▸ Activity
Omit the images and return the remaining entries unchanged.
★ ★ ★ ★ ★ ★ ★
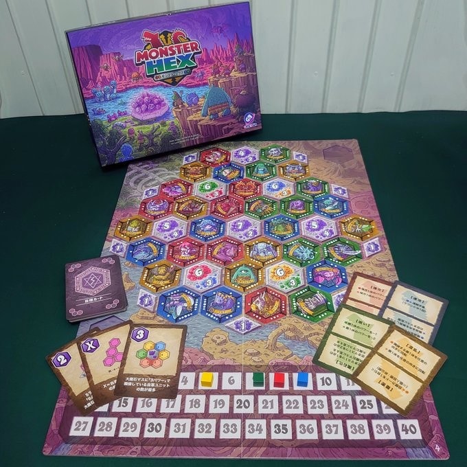 「モンスターヘクス」は、4つの勢力が支配する魔界で、自軍の部隊を盤上に配置し、8カ所の秘跡にある魔石を奪い合うエリアマジョリティ(陣取り)です。
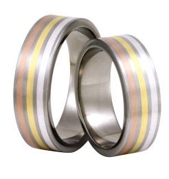 - 3D Titanium, Titaanisormus hopeisella, puna- ja keltakultaisella raidalla, 7mm°Tarjoushinta 510,00 € Normaalihinta 850,00 €
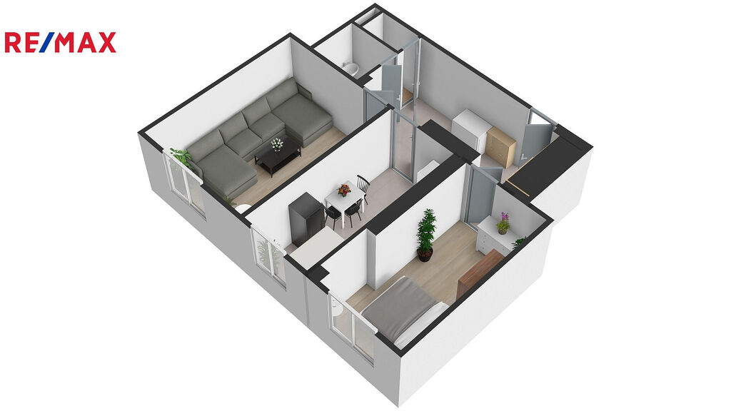 Byt sestává ze dvou neprůchozích pokojů, které poskytují dostatek soukromí, kuchyně, chodby, koupelny s vanou a WC.
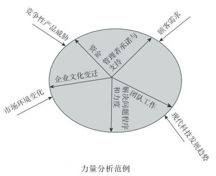 比如,在实施产品研究开发计划时就可以按照上述步骤来分析内部力量和外部力量。外部力量包括竞争性产品的威胁,顾客的需求,市场变化、科技发展等。内部力量包括资金、管理层的承诺和支持、企业文化、团队力量、解决问题的程序和力度等。如下图所示。
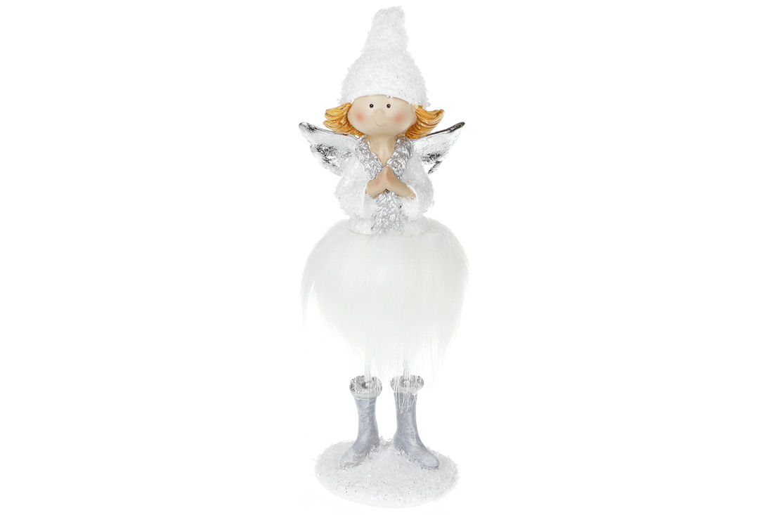 Декоративна фігурка Янгол з хутряною спідницею, 20см, колір - білий зі сріблом
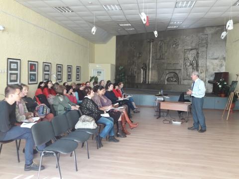 10-11 октября в рамках курсов повышения квалификации для преподавателей художественных дисциплин в Детской художественной школе №2 им. В.И. Сурикова прошли лекциии Владимира Васильевича Аверьянова, профессора МГАХИ им. В.И. Сурикова, доцента кафедры графики. Профессор много говорил о современных технологиях производства красок, их характеристиках и различиях, а также поделился опытом по работе в технике литография.
★ ★ ★ ★ ★ ★ ★
▸ Written solution
 「モンスターヘクス」は、4つの勢力が支配する魔界で、自軍の部隊を盤上に配置し、8カ所の秘跡にある魔石を奪い合うエリアマジョリティ(陣取り)です。
 - 3D Titanium, Titaanisormus hopeisella, puna- ja keltakultaisella raidalla, 7mm°Tarjoushinta 510,00 € Normaalihinta 850,00 €
 Byt sestává ze dvou neprůchozích pokojů, které poskytují dostatek soukromí, kuchyně, chodby, koupelny s vanou a WC.
 比如,在实施产品研究开发计划时就可以按照上述步骤来分析内部力量和外部力量。外部力量包括竞争性产品的威胁,顾客的需求,市场变化、科技发展等。内部力量包括资金、管理层的承诺和支持、企业文化、团队力量、解决问题的程序和力度等。如下图所示。
 Декоративна фігурка Янгол з хутряною спідницею, 20см, колір - білий зі сріблом
 10-11 октября в рамках курсов повышения квалификации для преподавателей художественных дисциплин в Детской художественной школе №2 им. В.И. Сурикова прошли лекциии Владимира Васильевича Аверьянова, профессора МГАХИ им. В.И. Сурикова, доцента кафедры графики. Профессор много говорил о современных технологиях производства красок, их характеристиках и различиях, а также поделился опытом по работе в технике литография.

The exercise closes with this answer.